8.2.2 Phytoremediation Phytoremediation is one of the bioengineering treatments in which plants are used to clean pollutants from the contaminated soil. The absorptive capabilities of plants and their ability to concentrate elements and compounds from the environment and to metabolize various molecules in their tissues help them to extract the toxic heavy metals and organic pollutants from contaminated site. Plants work with soil organisms and transform the contaminants into harmless compounds.

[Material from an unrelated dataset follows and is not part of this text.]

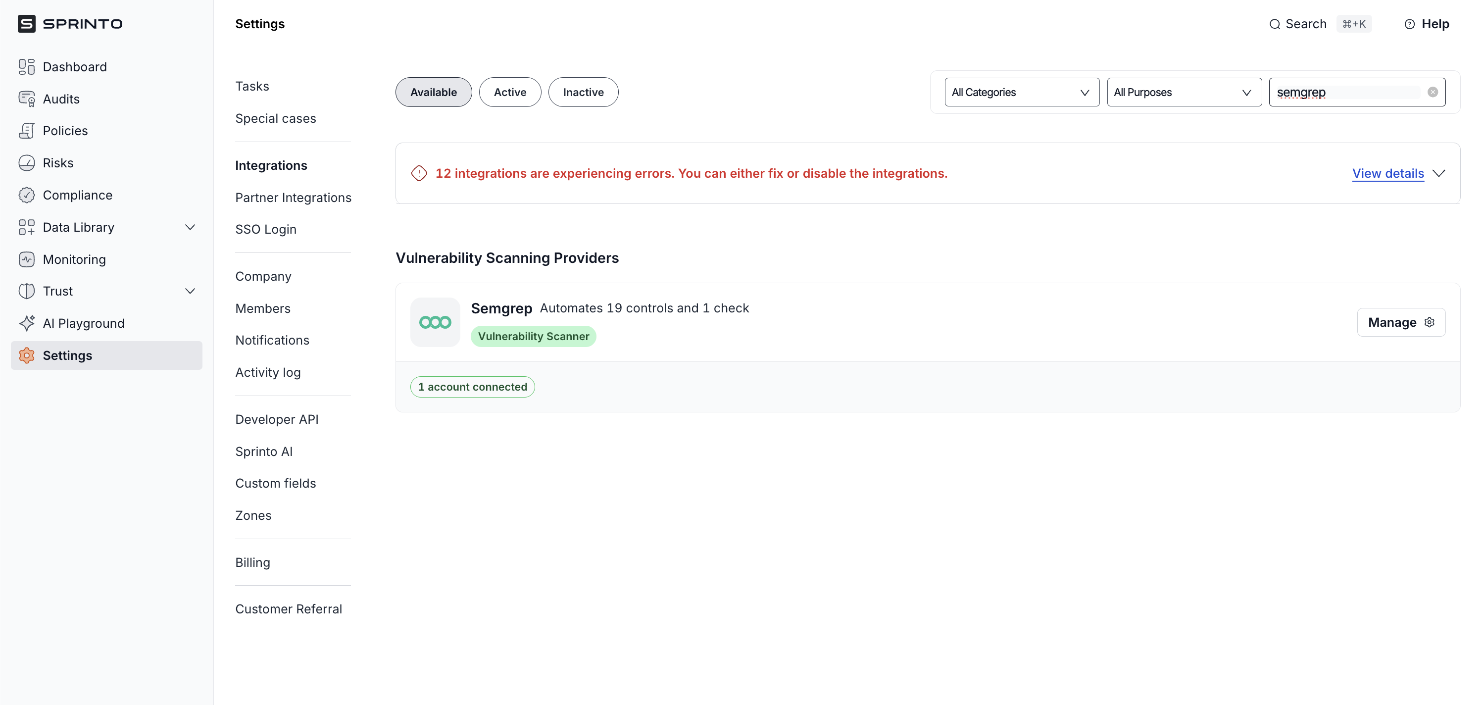 2. Integrate Semgrep on Sprinto.
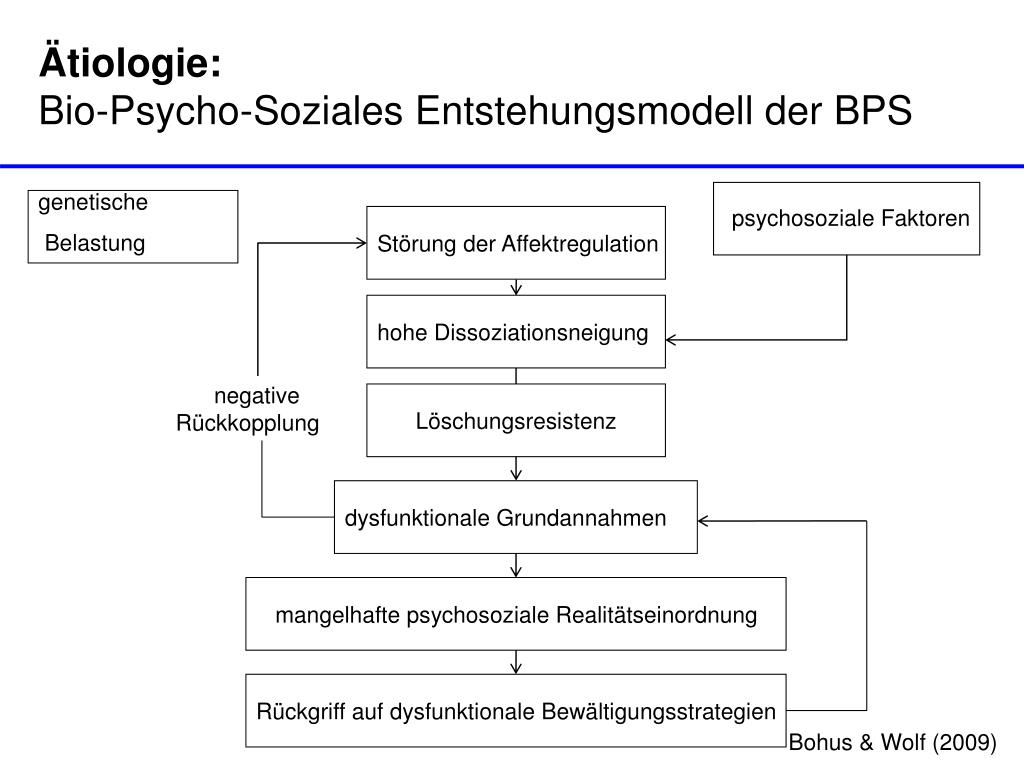 Ätiologie: Bio-Psycho-Soziales Entstehungsmodell der BPS genetische Belastung psychosoziale Faktoren Störung der Affektregulation hohe Dissoziationsneigung negative Rückkopplung Löschungsresistenz dysfunktionale Grundannahmen mangelhafte psychosoziale Realitätseinordnung Rückgriff auf dysfunktionale Bewältigungsstrategien Bohus & Wolf (2009)

Phytoremediation can be used to clean up metals, pesticides, solvents, explosives, crude oil, polyaromatic hydrocarbons, and landfill leachates. Phytoremediation is cost-effective and environmentally friendly. However, the selection of plants and their growth rates in different sites and environmental conditions are the key to the success of this method. Moreover, this method is limited to shallow sites with low levels of contamination.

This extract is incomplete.